Отмеченное Топоровым странное единообразие большинства текстов, касающихся Петербурга, говорит не просто о том, что город является мощной текстовой матрицей, как это представляется исследователю, но скорее о том, что город как семиотическая матрица текста не обладает достаточной степенью внутреннего различия. Поэтому именно в Петербурге обитают двойники из сочинений Гоголя и Достоевского. Это отсутствие дифференцированности характерно, однако, не столько для символического, сколько для нарциссических фантазмов воображаемого.

Труды Пьера Лежандра в недавнее время вновь обратили наше внимание на символическую организацию структуры власти в Европе. Структура, лежащая в основе символического, как мы знаем, предполагает триадичность, то есть оппозицию двух структурных элементов, над которыми надстраивается третий – собственно символ. Именно в этом третьем элементе поглощается различие/сходство, которое характеризует воображаемое. Символ возникает из игры структурных позиций и отличается своей, так сказать, «невообразимостью». Эти сверхозначающие вроде Бога, имени Отца или лакановского фаллоса в принципе потому и являются символами, что они – нефигуральны. Нефигуральность символического позволяет ему преодолевать в себе аспект внешнего сходства. Символическое возникает из различия/сходства, без которого невозможна операция смыслообразования. Оно возникает из различия/сходства как форма его снятия.

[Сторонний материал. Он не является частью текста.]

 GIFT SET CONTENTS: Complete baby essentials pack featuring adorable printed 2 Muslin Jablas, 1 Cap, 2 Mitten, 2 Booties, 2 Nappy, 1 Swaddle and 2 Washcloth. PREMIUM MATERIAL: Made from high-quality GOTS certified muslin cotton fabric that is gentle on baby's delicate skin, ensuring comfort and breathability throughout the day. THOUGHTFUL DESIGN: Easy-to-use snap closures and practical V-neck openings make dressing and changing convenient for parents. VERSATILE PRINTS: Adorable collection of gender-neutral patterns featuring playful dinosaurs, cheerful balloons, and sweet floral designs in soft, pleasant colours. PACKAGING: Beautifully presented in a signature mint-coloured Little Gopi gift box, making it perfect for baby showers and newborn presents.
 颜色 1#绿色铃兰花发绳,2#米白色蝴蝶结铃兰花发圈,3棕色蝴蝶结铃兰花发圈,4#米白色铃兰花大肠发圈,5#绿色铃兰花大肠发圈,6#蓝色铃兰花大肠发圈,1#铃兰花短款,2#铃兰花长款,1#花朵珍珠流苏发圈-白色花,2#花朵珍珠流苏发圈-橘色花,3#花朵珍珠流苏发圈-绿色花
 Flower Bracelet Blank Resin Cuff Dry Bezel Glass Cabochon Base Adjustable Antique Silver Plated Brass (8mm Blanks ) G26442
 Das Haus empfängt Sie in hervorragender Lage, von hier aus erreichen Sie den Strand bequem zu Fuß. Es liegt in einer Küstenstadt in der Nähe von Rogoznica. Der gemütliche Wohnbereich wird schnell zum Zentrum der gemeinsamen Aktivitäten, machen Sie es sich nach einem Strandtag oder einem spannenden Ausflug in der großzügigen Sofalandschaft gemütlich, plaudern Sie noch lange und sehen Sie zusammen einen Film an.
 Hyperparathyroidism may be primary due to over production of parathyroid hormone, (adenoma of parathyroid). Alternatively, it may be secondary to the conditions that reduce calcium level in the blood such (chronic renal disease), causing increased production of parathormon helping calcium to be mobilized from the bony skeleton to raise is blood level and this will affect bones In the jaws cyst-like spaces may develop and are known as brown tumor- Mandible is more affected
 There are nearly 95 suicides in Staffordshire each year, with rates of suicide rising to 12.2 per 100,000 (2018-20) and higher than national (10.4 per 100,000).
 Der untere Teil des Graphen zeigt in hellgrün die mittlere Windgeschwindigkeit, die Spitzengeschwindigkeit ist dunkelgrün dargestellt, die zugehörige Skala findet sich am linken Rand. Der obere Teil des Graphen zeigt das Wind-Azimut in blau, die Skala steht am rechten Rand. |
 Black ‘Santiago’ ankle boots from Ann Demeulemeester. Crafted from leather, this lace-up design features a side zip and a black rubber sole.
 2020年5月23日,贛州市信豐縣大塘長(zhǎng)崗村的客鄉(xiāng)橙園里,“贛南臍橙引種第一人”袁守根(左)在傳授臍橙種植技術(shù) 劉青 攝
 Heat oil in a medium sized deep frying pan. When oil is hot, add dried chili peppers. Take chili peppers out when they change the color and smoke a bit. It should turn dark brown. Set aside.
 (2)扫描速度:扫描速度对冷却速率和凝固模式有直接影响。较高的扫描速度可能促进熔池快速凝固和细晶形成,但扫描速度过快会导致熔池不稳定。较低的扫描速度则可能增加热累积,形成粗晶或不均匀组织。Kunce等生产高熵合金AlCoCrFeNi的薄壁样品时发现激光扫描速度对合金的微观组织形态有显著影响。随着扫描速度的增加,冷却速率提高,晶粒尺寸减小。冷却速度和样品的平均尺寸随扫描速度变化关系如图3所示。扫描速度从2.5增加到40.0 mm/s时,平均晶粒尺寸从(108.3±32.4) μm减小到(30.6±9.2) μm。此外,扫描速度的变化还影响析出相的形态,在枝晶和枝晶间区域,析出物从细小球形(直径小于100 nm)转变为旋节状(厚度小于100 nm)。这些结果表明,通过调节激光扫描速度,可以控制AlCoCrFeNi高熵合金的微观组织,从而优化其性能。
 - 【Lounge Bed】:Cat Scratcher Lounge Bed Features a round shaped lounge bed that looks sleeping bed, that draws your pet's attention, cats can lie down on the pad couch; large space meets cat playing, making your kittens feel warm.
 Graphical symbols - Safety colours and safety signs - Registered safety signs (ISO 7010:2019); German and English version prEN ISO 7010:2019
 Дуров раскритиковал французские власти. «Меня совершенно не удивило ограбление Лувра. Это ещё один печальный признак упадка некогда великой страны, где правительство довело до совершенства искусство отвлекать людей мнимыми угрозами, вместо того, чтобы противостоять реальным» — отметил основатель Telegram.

Эта нефигуральность выражается в особом положении Закона в западном символическом. Лежандр в своей книге «Бог в зеркале» подробно анализирует, каким образом зеркальность, лежащая в основе изображений, перестает на Западе функционировать в рамках чистого удвоения видимого, но акцентирует именно то различие, которое в конце концов снимает в себе символ. Зеркало (а Лежандр иногда говорит даже об «абсолютном зеркале») прежде всего вводит различие. Лежандр, например, пишет о необходимости рассматривать «зеркало не столько в его отношении к нарциссическому конституированию субъекта (фундаментальному для понимания зеркального процесса), сколько как структурную инстанцию в монтаже, призванном придать консистенцию абсолютному Другому…»[127]127
  Pierre Legendre. Dieu au miroir. Paris, Fayard, 1994, p. 240.


[Закрыть]
.

В России, однако, этот невидимый символ не является релевантным. Власть здесь, в конце концов, в основном репрезентирует себя в виде фигур. Она фигуральна и разворачивается на уровне не символического, но воображаемого, то есть на уровне зеркально-нарциссических удвоений и симулятивных репрезентаций. Отсюда колоссальное значение определенного рода изображений (портретов вождей, наглядной агитпропаганды), трудно понятное европейцу, для которого политическое в большей степени относится к сфере структур и символов, то есть к сфере нефигурального, а не сходства.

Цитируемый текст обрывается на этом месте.